Allan Gibb, emeritus professor at Durham University and co-director of the course, said the programme would help budding leaders think like entrepreneurs, preparing them to steer their universities through the turbulent waters ahead.
"When you look at what's happening internationally, universities are changing dramatically," he said. "What we want to do is give the leaders a clear notion of the concept (of entrepreneurship), how it's working around the world and develop them ... to lead on this at their universities."
A paper drawn up by the National Council for Graduate Entrepreneurship to guide the development of the course says the conflicting challenges facing higher education - including internationalisation, massification and a shortage of funds - require an entrepreneurial approach.
"A key challenge will be to create entrepreneurial role models within departments," it adds.
Ewart Wooldridge, chief executive of the Leadership Foundation for Higher Education, welcomed the programme, describing it as "very timely". He said its content would be very different from the "generic" training provided by the Leadership Foundation's management programme, which 70 per cent of newly appointed vice-chancellors complete.
However, others were more sceptical. Sir David Watson, professor of higher education management at the Institute of Education, University of London, said: "I have some fears about the entrepreneurial bubble bursting in relation to higher education management, unless it's given a very generous definition and one that's sympathetic to the irreducible public purposes of higher education."

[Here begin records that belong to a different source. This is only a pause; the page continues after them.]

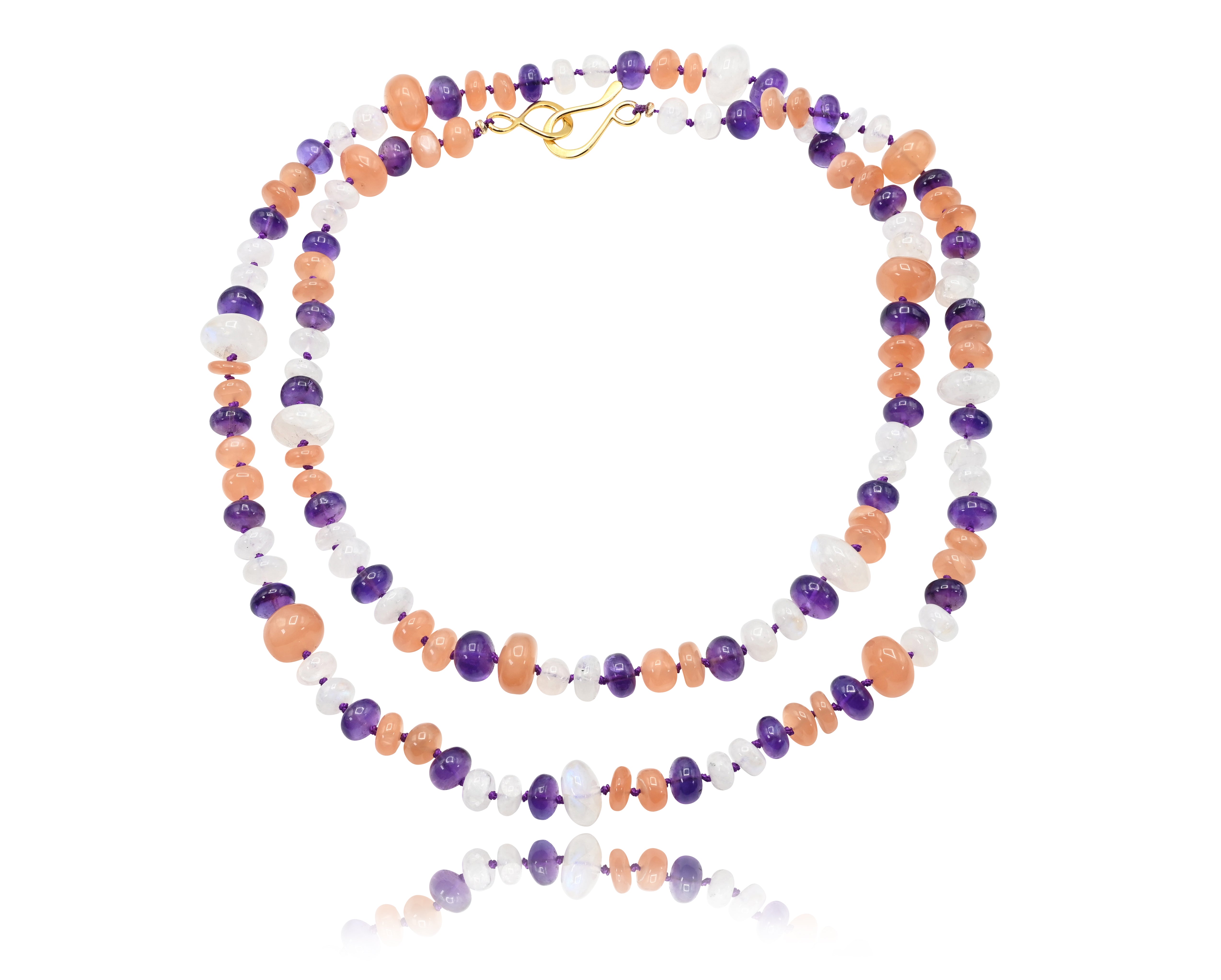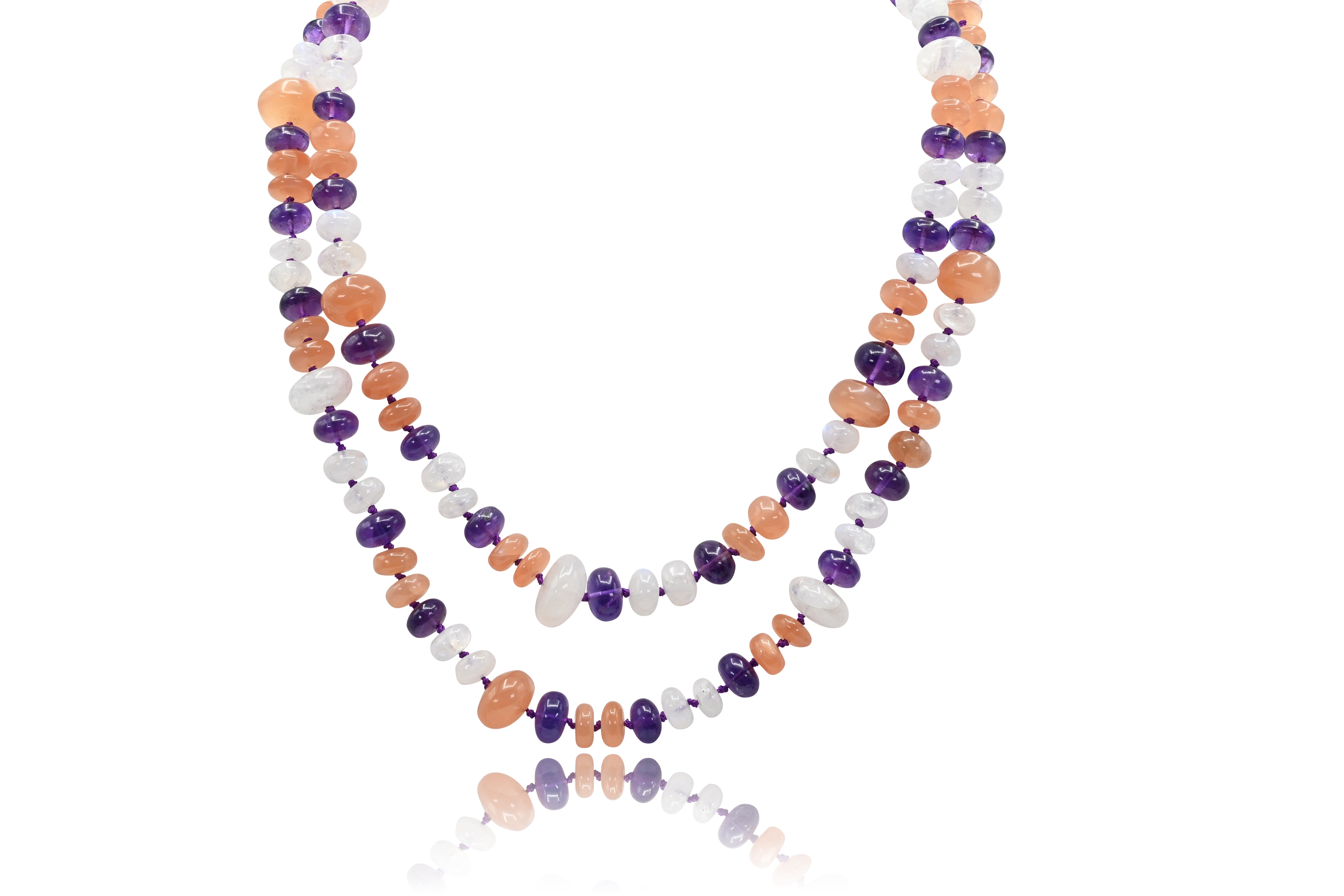 A handmade Amethyst Moonstone long necklace is a stunning piece of jewelry that combines the enchanting allure of two distinct gemstones. Amethyst, known for its deep violet hue, is often associated with calming energy and spiritual growth. Moonstone, with its ethereal, opalescent glow, is believed to enhance intuition and bring about emotional balance. When crafted into a long necklace, these stones create a visually captivating accessory that drapes elegantly around the neck, adding a touch of sophistication and mystique to any outfit. The craftsmanship involved in making such a necklace ensures that each piece is unique, reflecting the artisan's dedication to quality and artistry. Whether worn as a statement piece or a daily adornment, a handmade Amethyst Moonstone long necklace is not only a beautiful addition to your jewelry collection but also a meaningful one, imbued with the natural energies of the earth.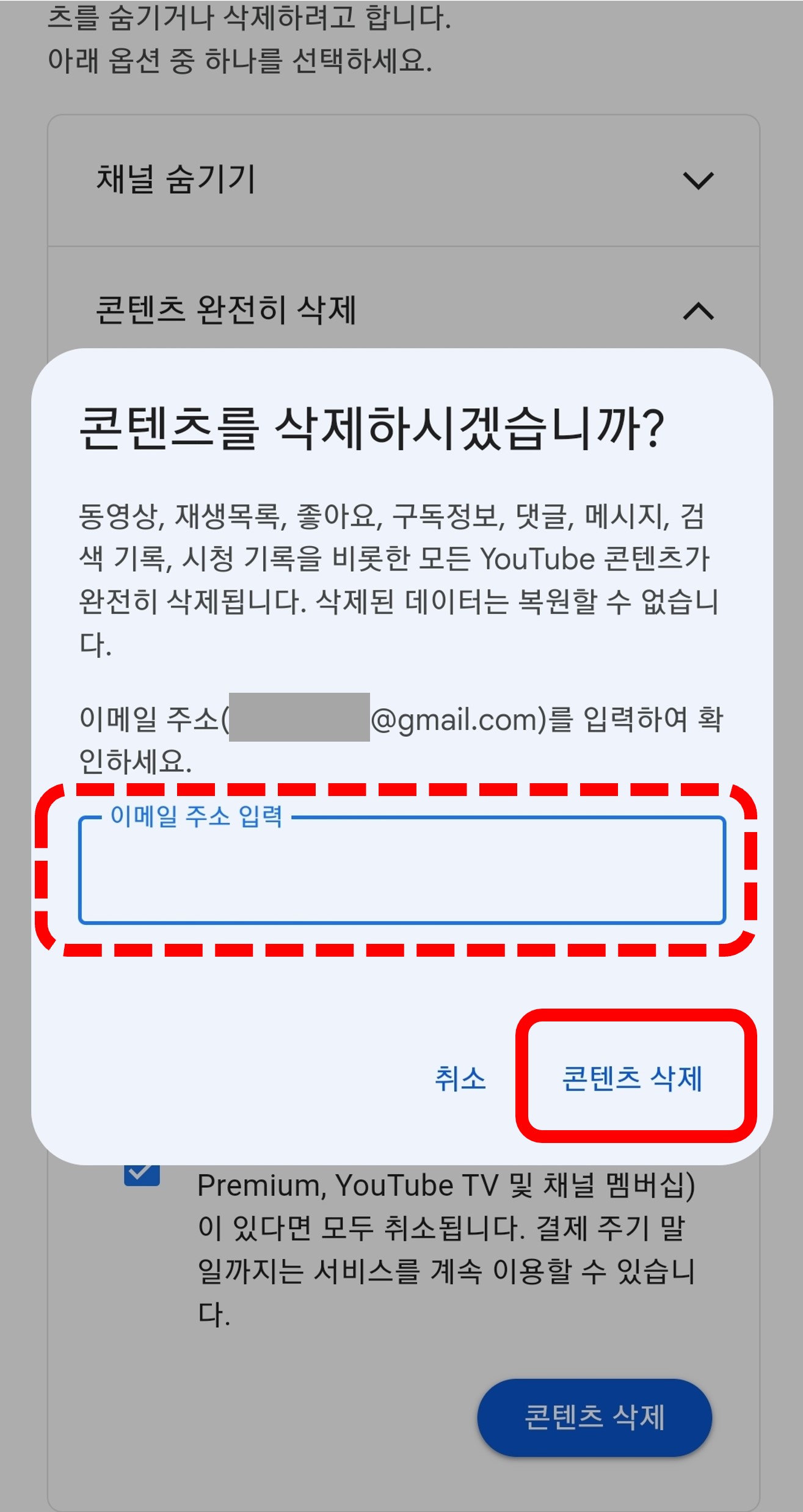 7. 마지막으로 구글 계정의 이메일 주소를 입력하고 콘텐츠 삭제를 클릭하면 채널이 완전히 삭제됩니다. 삭제된 채널은 복구가 불가능하니까 주의하시기 바랍니다.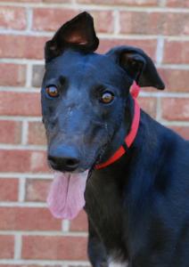 True is a pretty black female that raced at 69lbs. She only raced 18 races at Wheelng Downs in WV and Orange Park in FL and didn't win one of them and only placed in 2 of them. Her sire is the famous Trent Lee and her dam is Kay Carmella. True is a very calm, quiet girl that was well behaved on the trip up and is excellent on leash. She will turn 3 on April 15th. True passed her cat test at the track so can live in a home with them and should be fine to live with small dogs. She was fine with the kids she met too. She loves going for walks with her foster dad. She potties well on leash and is quiet in her crate.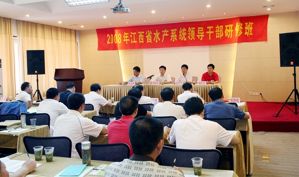 江西省水产系统干部研修班于7月13日—18日在海军海外宾馆举行。来自江西各县水产局局长,基层场、站负责人,科技人员企业经理等72名领导干部参加了本次学习,上海海洋大学程裕东副校长、江西省水产局官少飞局长、成教学院成长生院长出席开班典礼并作学习动员。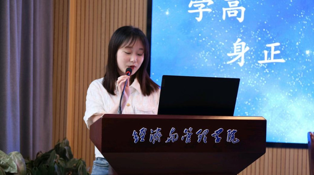 图为发展对象培训班优秀学代表崔羽翕发言)

Lewis Elton, honorary professor of higher education at University College London and visiting professor of higher education at the University of Gloucestershire, was more forthright. He said it was "absurd" that business methods of any kind should be applied to the academy. "Universities are not there to make money ... Academic activities require an academic approach, not a business approach."
He described the role of the vice-chancellor, the post that participants of the course will be aiming to fill, as "the first servant of a university, not its master. Improving efficiency is not the same as changing higher education. They should be more businesslike, not more like business."